China's transition to a consumer-led economy is on hold.
Faced with plummeting output during a pandemic-hit first quarter, Beijing resorted to what it knows best and launched a 3.6 trillion yuan ($500 billion) fiscal stimulus in May aimed at boosting investment. While most developed economies directed much of their support toward workers in the form of furlough payments or, in the case of the U.S., sending checks directly to households, Chinese consumers were only secondary beneficiaries of their government's recovery efforts.
From a macroeconomic perspective, China's approach has been highly effective. After contracting 6.8% in the first quarter of 2020 — the first quarterly decline in GDP since 1992 — China's economy has rebounded strongly, beating expectations in the second quarter with growth of 3.2%. Economists at HSBC expect growth to accelerate to 5.4% year over year in the third quarter and 6.2% in the fourth quarter, with full-year growth arriving at 2.4%, contingent on further policy easing.
However, its measures to counter the coronavirus pandemic have meant the ruling Communist Party has had to put one of its long-term economic goals on the back burner: unleashing the collective purchasing power of China's 1.39 billion strong population. While private consumption is the largest element of China's economy, at 39% of GDP in 2019, it was little more than half in those of the U.S. and U.K., at 65% and 68%, respectively.
"The stimulus package was, again, very investment and business-oriented, with relatively little support for households," Louis Kuijs, head of Asia economics at Oxford Economics, said by email. "In that sense, the coronavirus outbreak, combined with the particular way that the government has responded to it, has slowed the move to a more consumer-oriented economy."
Contracting retail sales
China's economy is likely to be even more skewed to industry come the end of 2020, according to high-frequency data. Industrial production rose 5.6% year over year in August, while investment in real estate rose 4.6%, with the two metrics returning to growth in April and June, respectively.
Having collapsed by 24.5% in January-February, investment in fixed assets has recovered so quickly that the January-August total is just 0.3% below the first eight months of 2019. That number has been boosted by an 11.7% year-over-year increase in new infrastructure investment plans to drive China toward technological self-reliance, as well as a 6.4% year-over-year increase in rail transportation investment.

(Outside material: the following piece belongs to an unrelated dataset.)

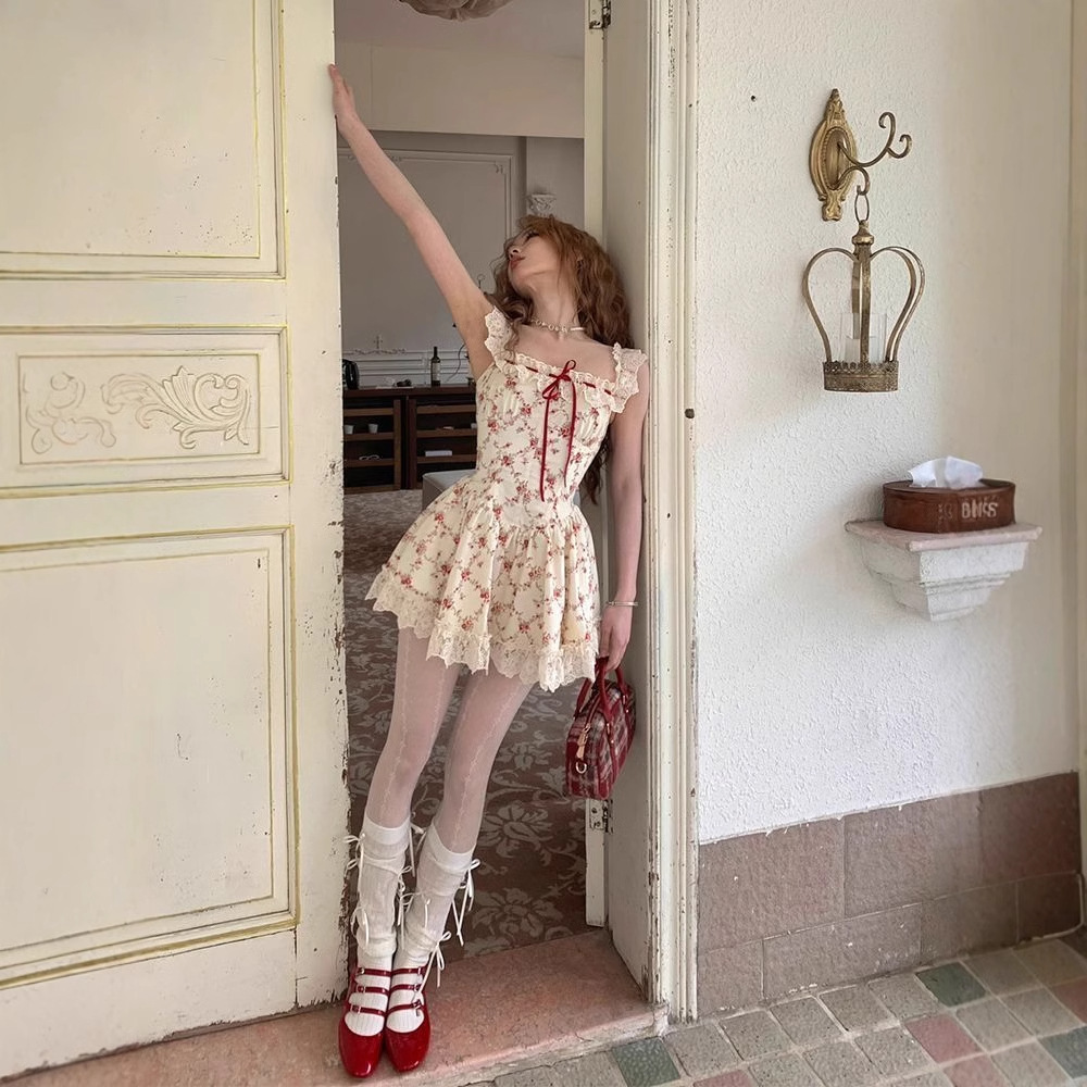 2025年夏の新型フランス気質ファッションロマンチックな蝶結びの小柄な花の短いストラップワンピース

By contrast, indicators of household consumption have been sluggish. After seven months of year-over-year contraction, retail sales rose in August but only barely at 0.5%. The level remains a long way short of the 8% growth achieved in 2019.
Inflation has also fallen back, down to 2.4% in August from 2.7% in July, with non-food prices down 0.5% year over year, which Oxford Economics partly attributes to "the slow recovery in consumer demand."
Social safety net
Urban households enjoyed strong growth in disposable income in the years pre-virus, with gains of about 8% over the past three years, but income grew at just 1.5% in the first half of 2020.
"Importantly, the decline in wage and business income was not offset by higher welfare payments, including unemployment benefits or other transfers," said Shaun Roache, chief Asia-Pacific economist at S&P Global Ratings. "In response to these shocks, households have decided to save more to guard against future risks."
Without more in the way of government support for households, "precautionary saving" will likely linger for some time, Roache said via email.
"This underscores the importance of efforts to strengthen social safety nets, including healthcare and pension provision but also unemployment insurance, to encourage consumers to reduce their very high level of saving," he said. "We are seeing some progress here but it remains slow."
Transmission mechanisms
Such a system may also provide a mechanism for getting money directly to its citizens in the future instead of relying on industrial stimulus.
"China's government still does not have an effective way to get transfers to households, especially migrant worker families," said Roache. "Migrants' jobs are usually in cities but they do not qualify for benefits there. Their home local governments, meanwhile, do not have the resources or the mechanisms set up to support returning migrants. Hence the quick and time-tested way to boost the economy is infra investment."
For now, China is expected to continue to see growth in investment, with local government bond issuance accelerating and HSBC forecasting infrastructure investment to hit double-digit growth in the coming months.
Meanwhile, a strengthening global economy should see increased demand for Chinese exports, which were already up 9.5% year over year in dollar terms in August, unless a second wave of the virus derails the recovery.
"Overall, things are looking pretty solid for China's recovery but, on the normalization front, we are still seeing a dual-track economy. Capex and industrial production have normalized. Consumer spending is still nowhere near full strength," research group Trivium China wrote in a note.